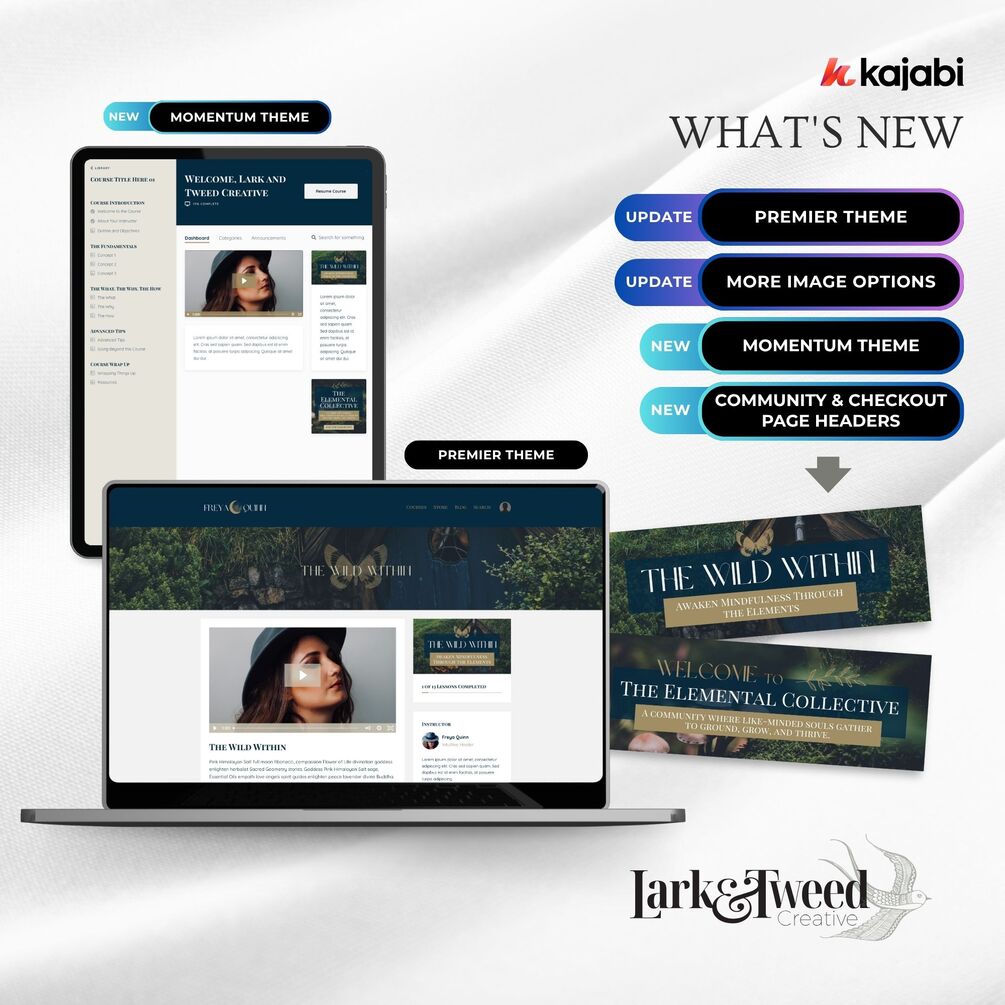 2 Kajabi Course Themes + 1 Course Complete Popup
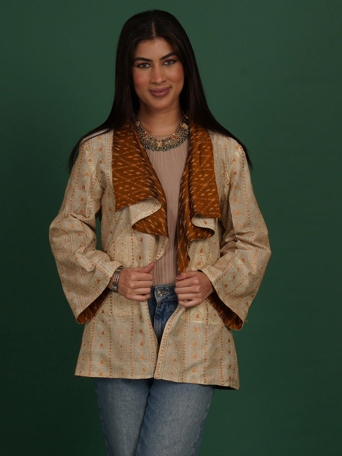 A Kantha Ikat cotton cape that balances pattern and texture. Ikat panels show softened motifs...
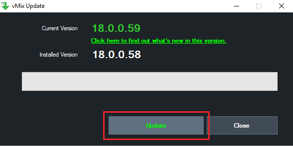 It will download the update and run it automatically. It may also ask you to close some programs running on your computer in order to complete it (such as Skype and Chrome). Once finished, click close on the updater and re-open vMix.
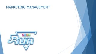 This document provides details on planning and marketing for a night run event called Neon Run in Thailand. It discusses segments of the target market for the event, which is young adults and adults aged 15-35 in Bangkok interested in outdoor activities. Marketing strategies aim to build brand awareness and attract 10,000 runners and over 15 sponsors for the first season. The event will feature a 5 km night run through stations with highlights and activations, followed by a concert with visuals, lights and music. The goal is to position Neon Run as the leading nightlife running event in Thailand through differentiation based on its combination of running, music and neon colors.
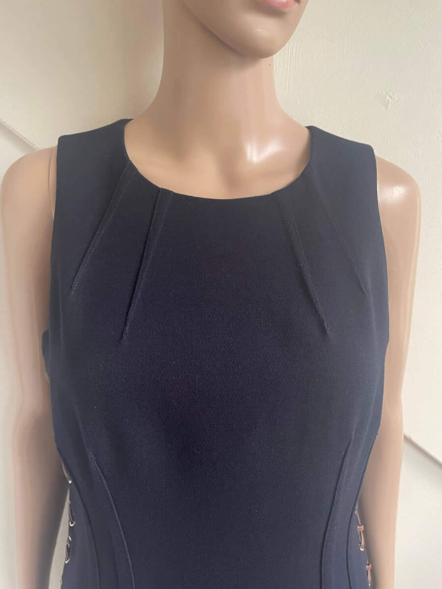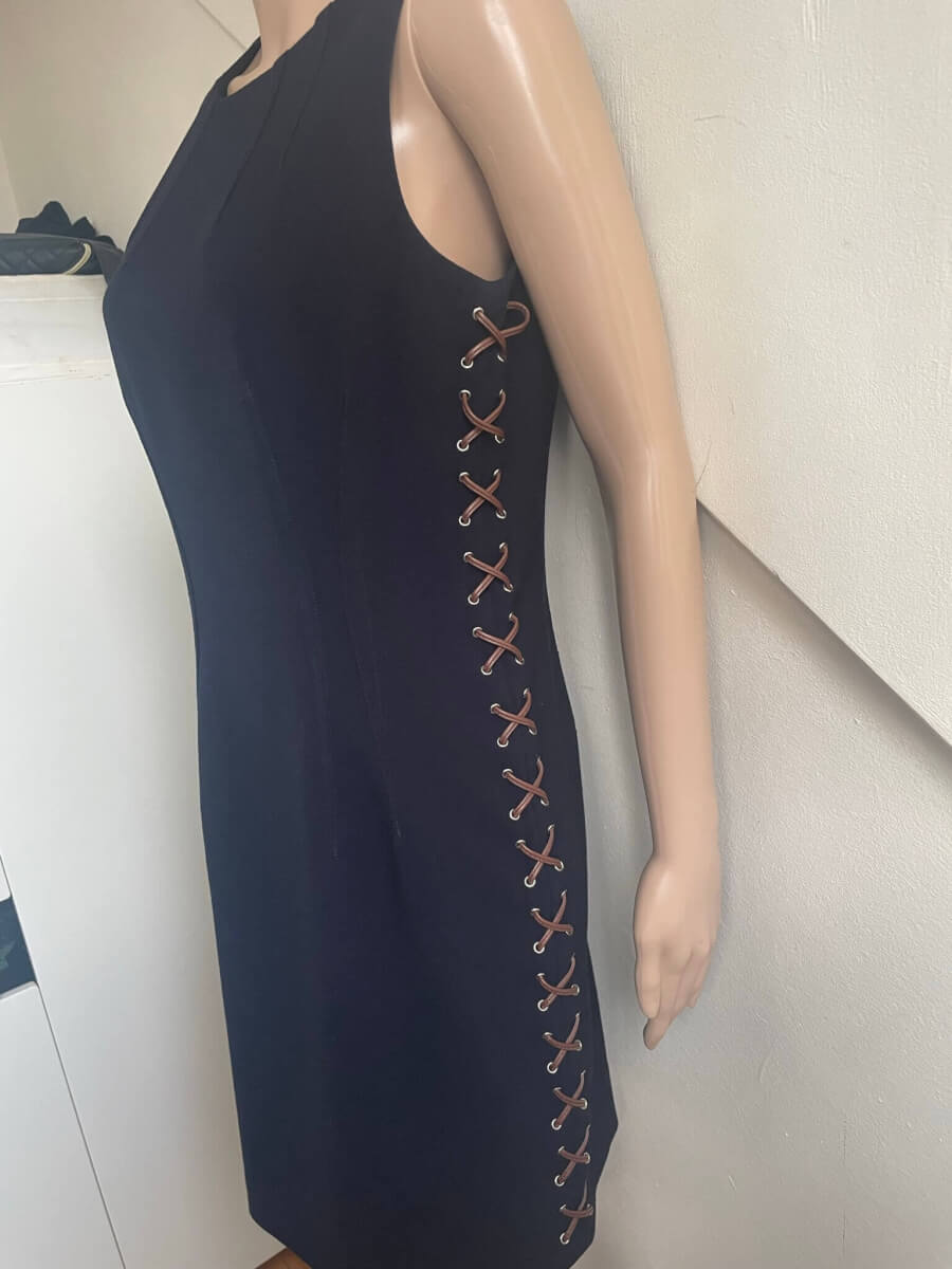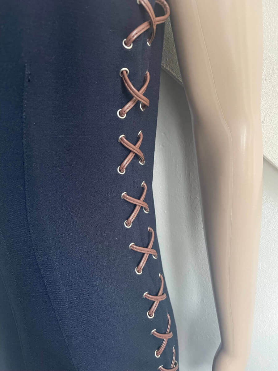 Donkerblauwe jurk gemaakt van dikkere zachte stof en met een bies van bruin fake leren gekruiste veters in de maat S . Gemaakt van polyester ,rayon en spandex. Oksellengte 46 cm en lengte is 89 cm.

▬▬▬

> [PROBLEM DESCRIPTION] Reproduce all the entries above exactly. Include no images.

> [OUTPUT]
 2 Kajabi Course Themes + 1 Course Complete Popup
 A Kantha Ikat cotton cape that balances pattern and texture. Ikat panels show softened motifs...
 It will download the update and run it automatically. It may also ask you to close some programs running on your computer in order to complete it (such as Skype and Chrome). Once finished, click close on the updater and re-open vMix.
 This document provides details on planning and marketing for a night run event called Neon Run in Thailand. It discusses segments of the target market for the event, which is young adults and adults aged 15-35 in Bangkok interested in outdoor activities. Marketing strategies aim to build brand awareness and attract 10,000 runners and over 15 sponsors for the first season. The event will feature a 5 km night run through stations with highlights and activations, followed by a concert with visuals, lights and music. The goal is to position Neon Run as the leading nightlife running event in Thailand through differentiation based on its combination of running, music and neon colors.
 Donkerblauwe jurk gemaakt van dikkere zachte stof en met een bies van bruin fake leren gekruiste veters in de maat S . Gemaakt van polyester ,rayon en spandex. Oksellengte 46 cm en lengte is 89 cm.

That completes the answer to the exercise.